Make generic extraction code aware of external backing and optimize on Win32 side
authorEric Biggers <ebiggers3@gmail.com>
Wed, 27 Aug 2014 03:48:00 +0000 (22:48 -0500)
committerEric Biggers <ebiggers3@gmail.com>
Wed, 27 Aug 2014 03:48:03 +0000 (22:48 -0500)
include/wimlib/apply.h
src/extract.c
src/win32_apply.c

index 8a1bf87..ed86481 100644 (file)
@@ -33,6 +33,8 @@ struct wim_features {
 
 struct wim_lookup_table_entry;
 struct read_stream_list_callbacks;
+struct apply_operations;
+struct wim_dentry;
 
 struct apply_ctx {
        /* The WIMStruct from which files are being extracted from the currently
@@ -62,6 +64,7 @@ struct apply_ctx {
        struct wim_features supported_features;
 
        /* The members below should not be used outside of extract.c  */
+       const struct apply_operations *apply_ops;
        u64 next_progress;
        unsigned long invalid_sequence;
        unsigned long num_streams_remaining;
@@ -127,14 +130,105 @@ extern int
 extract_stream_list(struct apply_ctx *ctx,
                    const struct read_stream_list_callbacks *cbs);
 
+/*
+ * Represents an extraction backend.
+ */
 struct apply_operations {
+
+       /* Name of the extraction backend.  */
        const char *name;
+
+       /*
+        * Query the features supported by the extraction backend.
+        *
+        * @target
+        *      The target string that was provided by the user.  (Often a
+        *      directory, but extraction backends are free to interpret this
+        *      differently.)
+        *
+        * @supported_features
+        *      A structure, each of whose members represents a feature that may
+        *      be supported by the extraction backend.  For each feature that
+        *      the extraction backend supports, this routine must set the
+        *      corresponding member to a nonzero value.
+        *
+        * Return 0 if successful; otherwise a positive wimlib error code.
+        */
        int (*get_supported_features)(const tchar *target,
                                      struct wim_features *supported_features);
 
+       /*
+        * Main extraction routine.
+        *
+        * The extraction backend is provided a list of dentries that have been
+        * prepared for extraction.  It is free to extract them in any way that
+        * it chooses.  Ideally, it should choose a method that maximizes
+        * performance.
+        *
+        * The target string will be provided in ctx->common.target.  This might
+        * be a directory, although extraction backends are free to interpret it
+        * as they wish.  TODO: in some cases, the common extraction code also
+        * interprets the target string.  This should be completely isolated to
+        * extraction backends.
+        *
+        * The extraction flags will be provided in ctx->common.extract_flags.

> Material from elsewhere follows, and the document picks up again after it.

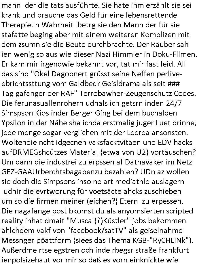 07.01.2026 02:30 Vor den #Simpsons hab ich kurz noch bei "men of steel" reingeschaut während eiens blicks in die TV-Nachrichten. Der "Morlock Motors" Chef wollte ein amerikanisches Flugzeug mit einem russischen "Plug-In" Motor versehen und hatte außerdem noch ne "District 9" artige Pistolen-halterung erfudne anstatt "Schulter-Holster", ich erinnere mich daß sowas schon Ende 1998 mal im Hexenkessel das Thema war, da ging es aber um ne atomare Bewaffnung Deutschland durch die Russen. ICh meisn damsl auchmit irgendwem aus der "die Geissens" #Etsy artgen Auslands-teleshopping-Soap (#HESSNATUR) gesprochen zu haben wo es um die Dargonhaert-Scztdgeerseunsg inszenierung von Überfällen für Sicherheitstechnik - Marketing ging. Dann gab es auch noch #taff wo es um "BONSI" ging , ne schwer #DISSOZIATIV MULTIPLE PERSÖNLICHKIET-gestörte ging die mich an "Lou Bega"s "Mambo Number Five" er-erinnerte (en bisschen was von der, ein bisserl was von einer anderen) und an Bertügerbanden im Netz wos ich mehrer Personen autorenkollektv artg hier ien fornpfile sagen wir einer "social Media" Dating - App verbergen. Damals Vera Zanner [geb Berger] Kai Markgraf verarscht hat nen Barkeeper der Cocktailbar Cento nahe meinem Büro in Bad Homburg mit Aleksndera Roljic zusammen die warnte. Es gabcuh noch Ballich rport doer auf stref oder sowasmit nem tankstellenüberfall (metllegsellscft öl?) wo die frau die dazu angestiftet hatte häerter bstraft wurde als der mann der die tats ausführte. Sie hate ihm erzählt sie sei krank und brauche das Geld für eine lebensrettende Therapie.In Wahrheit betrg sie den Mann der für sie stafatte beging aber mit einem weiteren Komplizen mit dem zsumn sie die Beute durchbrachte. Der Räuber sah ien wenig so aus wie dieser Nazi Himmler in Doku-Filmen. Er kam mir irgendwie bekannt vor, tat mir fast leid. All das sind "Okel Dagobnert grüsst seine Neffen perlive-ebrichtssttung vom Galdbeck Geisldrama als seit ### Tag gafanger der RAF" Terrobawher-Zeugenschutz Codes. Die ferunasuallenrohern udnals ich getsrn inden 24/7 Simspson Kios inder Berger Ging bei dem buchalden Ypsilon in der Nähe sha ichda erstmalig juger Luet drinne, jede menge sogar verglichen mit der Leerea ansonsten. Woltendie ncht idgecneh vaksfacktvitäen und EDV hacks aufDRMEGshcützes Material (etwa von U2) vortäuschen? Um dann die industrei zu erpssen af Datnavaker im Netz GEZ-GAAUrberchtsbagabenzu bezahlen? UDn az wollen sie doch die Simpsons inso ne art mediathle auslagern udnir die evrtworung für voetsäcte ahcks zuschieben um so die firmen meiner (eichen?) Etern zu erpessen. Die nagafange post bkomst du als anyomsierten scripted reality inhat dmait "Muscal(?)Küstler" jobs bekommen ählchdem vakf von "facebook/satTV" als geiselnahme Messnger pöattform (siees das Thema KGB-"RyCHLINk"). Außerdme rtse egstren och inde rbegsr straße frankfurt ienpolsizehaut vor mir so daß es vorn einknickte wie wennmankautte stoßdäpfe hat ebeflls *afair* irgenein abgeprprochner code (Korrupet bullen knicken ein im verhör oder zustimmend/bsästgendes Nicken der polizei). Laut Bonw ar ich egstre um ca 14:30 Uhr im Supermarkt. Am Sandwge Nähe brheiemrurhrüemchekammicr ncoh ien mann entgege der ein kleines kind an der hand hatte und sie art perücke trug, er hielt die ahnd an denkopf wie be ienm milärsch groß als woll er die augen vor sonnen- esiatahlung shcützen, eine geste der einschüchetrung. Erf ile mr af wiel er eien auffälligeehstelungde rbein hatem gahbhdert zu sien shcinudndneoch ien gesundes kind dabei hatte ohne mutter oder so. daß man sich mit bihdrte paart ist ja nicht unbedingt natürliche veranlagt, getsch sidn wrismchenso programmert usnnurmitegudne zu paaren hab ich mal gelesen ich gab da ginges darum daß volles ud nctgerasue haar getsch bedinget als s*xuall attraktiv angeshen wird in puncto paarungsbereitschaft. Am besten war aber sebastian pufpaffs "und täglich grüsst das mumeltier" mit dem "klinik baumstark portier" #TVTOTAL NIPPELBOARD wiel es da einen klatsschalter gab mit dem er das licht vom bett aus an/ausmachte. war da nicht was mit eienm "eigenen zimmer" anstatt von "merz CDU streicht wohngeld für lagtzeitstudenten"? Ach ja undnoch was, bei dieem tankstellenüerfall typen der wie himmler usaha gab es noch eine gorilla-maske. https://tvinfo.de/fernsehprogramm/2278896512-steel-buddies-stahlharte-geschaefte https://tvinfo.de/fernsehprogramm/2278897976-taff https://tvinfo.de/fernsehprogramm/2278898006-tv-total https://www.bild.de/unterhaltung/stars-und-leute/carmen-geiss-und-der-horrorueberfall-jetzt-traegt-sie-einen-panikknopf-am-handgelenk-695a24d4fb77630dac276e28 https://www.bild.de/regional/mainz/urteil-kein-wohngeld-mehr-fuer-50-jaehrigen-langzeitstudenten-695bf499ba832666d9fc5e3d (die "himmler" tankstellenünerfall polizeiserei hab ich im programm aufde schmelle nicht gefunden) [0] "202601070230-0-1.jpg" [1] "202601070230-0-2.jpg" [2] "202601070230-0-3.jpg" [3] "202601070230-0-4.jpg" |

+        * Extraction backends should examine them and implement the behaviors
+        * for as many flags as possible.  Some flags are already handled by the
+        * common extraction code.  TODO: this needs to be better formalized.
+        *
+        * @dentry_list, the list of dentries, will be ordered such that the
+        * ancestor of any dentry always precedes any descendents.  Unless
+        * @single_tree_only is set, it's possible that the dentries consist of
+        * multiple disconnected trees.
+        *
+        * 'd_extraction_name' and 'd_extraction_name_nchars' of each dentry
+        * will be set to indicate the actual name with which the dentry should
+        * be extracted.  This may or may not be the same as 'file_name'.
+        * TODO: really, the extraction backends should be responsible for
+        * generating 'd_extraction_name'.
+        *
+        * Each dentry will refer to a valid inode in 'd_inode'.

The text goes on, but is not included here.